But I've lost count of the number of times Russian people here have told *me* that drinking is a big problem in Russia. Once again, you assume it's my preconceptions but I don't get my ideas about Russian food or drink from CNN or the BBC, I get it from living here. 
As for statistics, well, that's certainly interesting. But I remember many times, while living in England, discussing the difference between French and English drinking habits .. the French don't have a reputation for being drunkards, although they drink a lot, it's because of the way they drink - more with food, and over a longer time.
It's not just about how much you drink, but the way you drink it.

----------


## JJ

> You know, English people have a bad reputation, not for drinking so much, but for drinking and being violent (football hooligans etc.).

 We've got a diffrent view on the same things - England and English people never assosiate with violent people in Russia, such as many another countries don't assosiate with negative. Russians associate England with the Big Ban and Tower, Thems etc, I guess that 9 of 10 russians mostly assosiate English people with Shakespeare, Robin the Hood, Walter Scott, Robert Burns and The Beatles and Backham... But on the contrary  western people usually assosiate Russia with negative.
I think it could be a good theme for a new topic, "what do the russians assosiate with your country?"   

> But I've lost count of the number of times Russian people here have told *me* that drinking is a big problem in Russia.

 Sure it is.And this is a big problem for all countries where the drinking of alcohol is more than 8-9 litres per capita. I wonder why the people in the other countries don't discuss about this with forieners. May be russians more open or more truthful?  ::    

> Once again, you assume it's my preconceptions but I don't get my ideas about Russian food or drink from CNN or the BBC, I get it from living here.

 So what? You are the 1 of 10000 forieners who knows the russian reality in only one region. The other people look, read and listen to the western "free" mass-media and they find there "drunk white bears with balalayka and AK47 walking down the Red Square". Мне за державу обидно!  ::    

> As for statistics, well, that's certainly interesting. But I remember many times, while living in England, discussing the difference between French and English drinking habits .. the French don't have a reputation for being drunkards, although they drink a lot, it's because of the way they drink - more with food, and over a longer time.
> It's not just about how much you drink, but the way you drink it.

 I think it also depends on the laws.

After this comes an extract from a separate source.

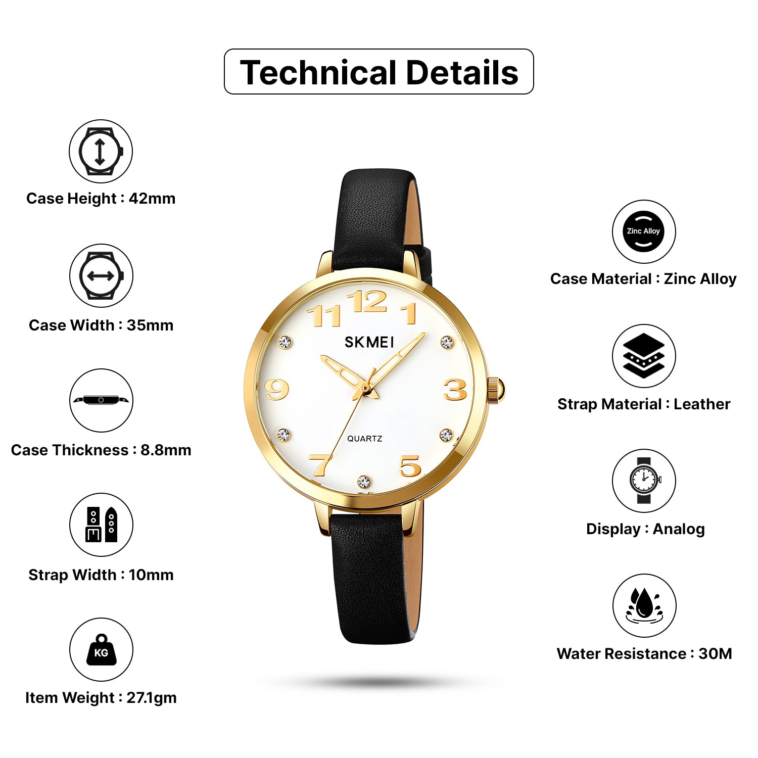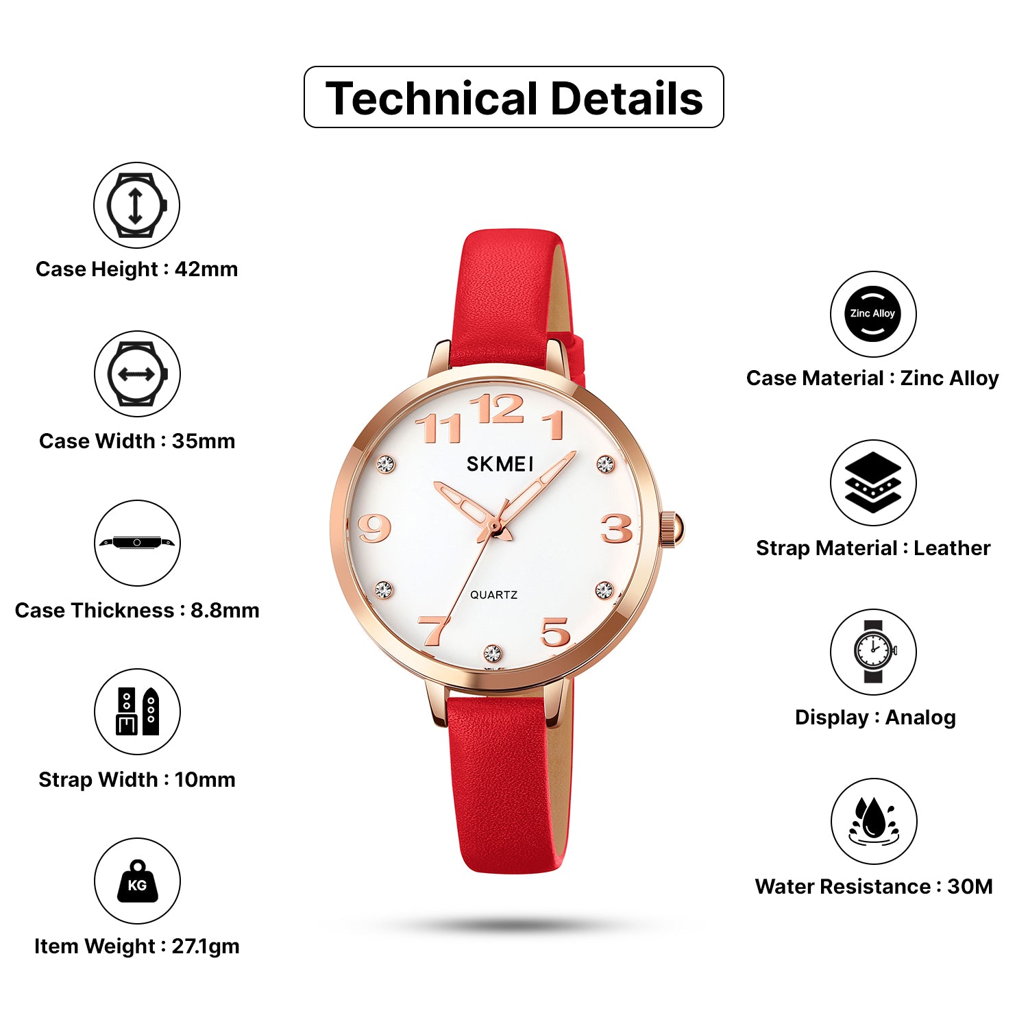 Skmei Quartz Analog Dial Leather Strap Watch for Women - 2028

Russia has not very stringent laws about drinking in public places, for example.

----------


## waxwing

> Originally Posted by waxwing  You know, English people have a bad reputation, not for drinking so much, but for drinking and being violent (football hooligans etc.).    We've got a diffrent view on the same things - England and English people never assosiate with violent people in Russia, such as many another countries don't assosiate with negative. Russians associate England with the Big Ban and Tower, Thems etc, I guess that 9 of 10 russians mostly assosiate English people with Shakespeare, Robin the Hood, Walter Scott, Robert Burns and The Beatles and Backham... But on the contrary  western people usually assosiate Russia with negative.
> I think it could be a good theme for a new topic, "what do the russians assosiate with your country?"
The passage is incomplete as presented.